I heard my mother’s bedroom door shut. Then the door to Maggie’s room creaked as she went in and shut the door behind her. I heard singing, light as a promise, coming from behind the door. And then silence and sleep came.

“I knew,” I heard Maggie say the next morning, “I knew.”
“How could you have known?” my mother asked.
“I knew,” Maggie whispered, as I walked into the kitchen. Maggie was staring down into her coffee cup like her fortune was there and my mother sat across from her, arms folded.
“Jake!” Maggie squealed, looking up and seeing me, “I haven’t you since you were a baby.” She pulled me too her and the scent of patchouli nearly made me faint. “I have something for you,” she said, handing me the box that had arrived for her yesterday. I held the box in my hand. Opened it. It was a book. A small book with a rough purple cover, blank pages inside. Except for the first page. On the first was written:

You can change the story. You are the story.

Love,
Maggie

“What does it mean?” I asked.
“It means there’s a way out.”
My mother scowled in her chair. “You sure this is a good idea?” she asked.
“I think it’s high time,” Maggie turned to her and said.
“I don’t see why you can’t leave well enough alone.”

Maggie looked down at me. Smiled. You can change the story. You are the story. “I need to get ready,” Maggie said, picking up her coffee cup, “Wish me luck.”

My mother said nothing. Looked down at the table. Saw nothing. Drew in her breath and held it, letting it out slowly like she didn’t want it to leave her.
Maggie turned to leave.

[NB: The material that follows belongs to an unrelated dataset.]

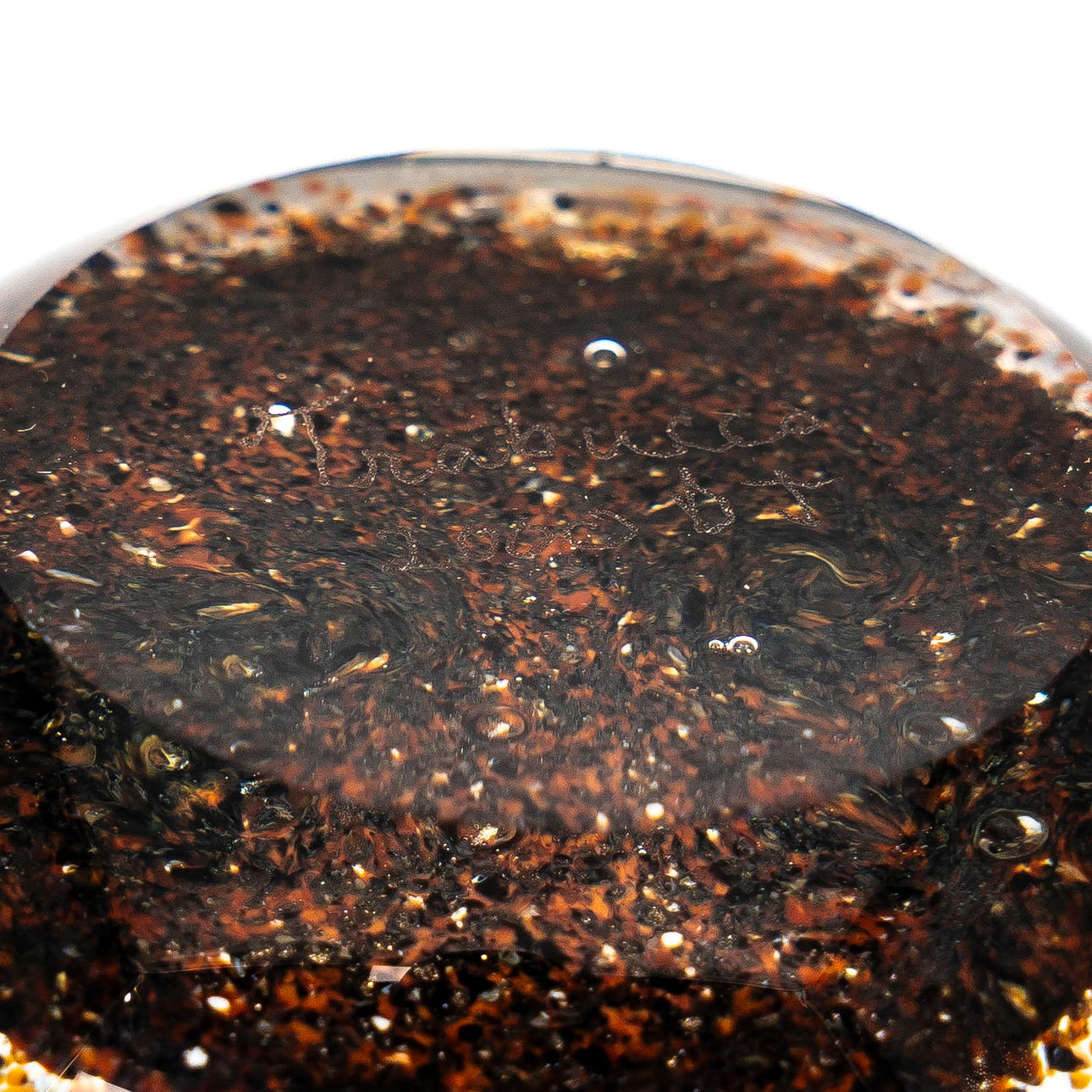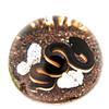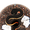 Paperweight/glass letterpress depicting a sculpted snake with white stones against a gravel base

My mother rose to her feet and emptied her coffee down the sink. She scooped scrambled eggs onto a plate and laid the plate on the table. “Eat your breakfast and get ready for school, Jake.” She said then turned to leave.

I ate, showered, dressed and combed my hair. When I look in the mirror I see that I have my father’s hair. And his eyes. And his nose.

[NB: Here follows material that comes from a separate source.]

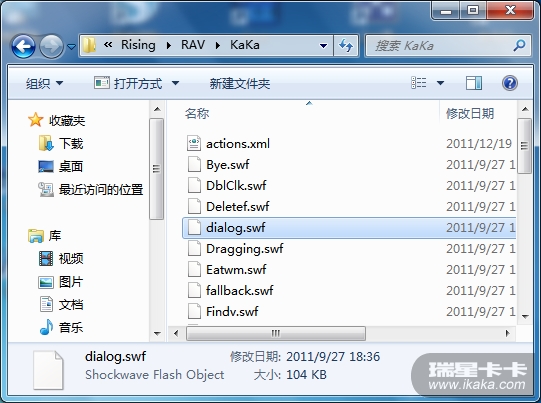 此问题同时出现在RAV/RIS 2011/2012中,有一个叫做dialog.swf的文件没有被正式加进瑞星小狮子卡卡的动画里,若不添加,当删除;若忘记添加,请补充。

I look just like that seventeen year old boy in that picture. That boy who’s long gone and good riddance.

My mother never forgave him for leaving. He promised he would never leave—she had the ring to prove it.

But he was gone. And gone is gone for good.

I walked out the door and down the sidewalk. Susan Maxx was calling her children out to the car. A car drove by—someone going to work. I looked up at the sky, pale winter blue. Every day is a new day and yet every day is the same.

At least that’s what my mother says.

“I told you to leave well enough alone,” my mother was saying as I walked in the door, “Daddy did what he thought was best.”
“How can you say that?” Maggie said, “How can you possibly believe that?”
I stood still, quiet. Maybe I should leave. Go up to my room. Shut the door.
“What’s done is done, Maggie,” my mother said, “What good could come of it now?”

What happened? I wondered.

“He’s my child!” Maggie screamed, “I had to see him!”
“Well, now you have,” my mother yelled back, “So I guess you’ll be leaving!”
“I’m not going anywhere,” Maggie said, calmer now it seemed, “Now that I know.”
“Well, at least he doesn’t know,” my mother said, “At least you came to your senses.”

I just stood there. Listening. What happened?

“I just stood there,” Maggie said, “Just like a fool. Watched him in the window and then I just walked away. Like a fool.”
“Prob’ly for the best.”
“He’s beautiful, Beth,” Maggie told my mother, “He looks just like his father. Just the way I remember him.”
“Leave it alone, Maggie,” my mother advised, “You’re always borrowing trouble.”
“I guess you could say I’ve a call,” Maggie laughed. My mother laughed too.

What happened?

Maggie got a phone call. Someone had been looking for her. His name was David. Had Maggie had a child? Yes, but the child died.

No…he lived.

And Maggie came home.

But it didn’t go the way she planned it. “I just stood there,” Maggie said, “Just like a fool. Watched him in the window and then I just walked away.”

Best to leave well enough alone.

Just make do.

“Maybe someday,” Maggie said.
“Every day is a new day,” my mother said.

Every day is a new day, my mother always said.